Validation estimates $E_{out}$ directly (held-out data bypasses the penalty entirely).

Two complementary cures, two sides of the same equation. Regularisation gives you a family of trained models indexed by $λ$ ; validation picks the best $λ$ from that family. Together they’re a complete model-selection pipeline.

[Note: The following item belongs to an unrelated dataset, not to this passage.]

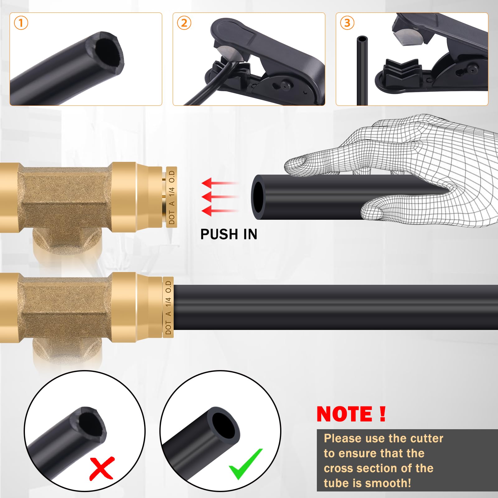 QUICK CONNECT FITTINGS: Our DOT push to connect fittings are extremely easy to install, can be sealed by pushing the tube firmly into the fitting and are also simple to remove from the tube

Part 2: Cross-Validation — Use All The Data

Single-split validation has a frustrating constraint: data spent on $D_{val}$ isn’t available for training. Cross-validation removes the trade-off by using every example for both training and validation, just not at the same time.

Leave-One-Out

The extreme: for each $n \in {1, \dots, N}$ , hold out example $n$ alone and train on the remaining $N - 1$ :

$g_{n}^{-} = A (D ∖ {(x_{n}, y_{n})}), e_{n} = e (g_{n}^{-} (x_{n}), y_{n}) .$

Average:

$E_{cv} = \frac{1}{N} n = 1 \sum N e_{n} .$

Theorem. $E_{cv}$ is an unbiased estimate of $\overset{ˉ}{E}_{out} (N - 1)$ — the expected out-of-sample error when training with $N - 1$ examples. The proof factorises the expectation: $E_{D} [e_{n}] = E_{D ∖ {n}} E_{(x_{n}, y_{n})} [e_{n}] = E_{D ∖ {n}} [E_{out} (g_{n}^{-})] = \overset{ˉ}{E}_{out} (N - 1)$ .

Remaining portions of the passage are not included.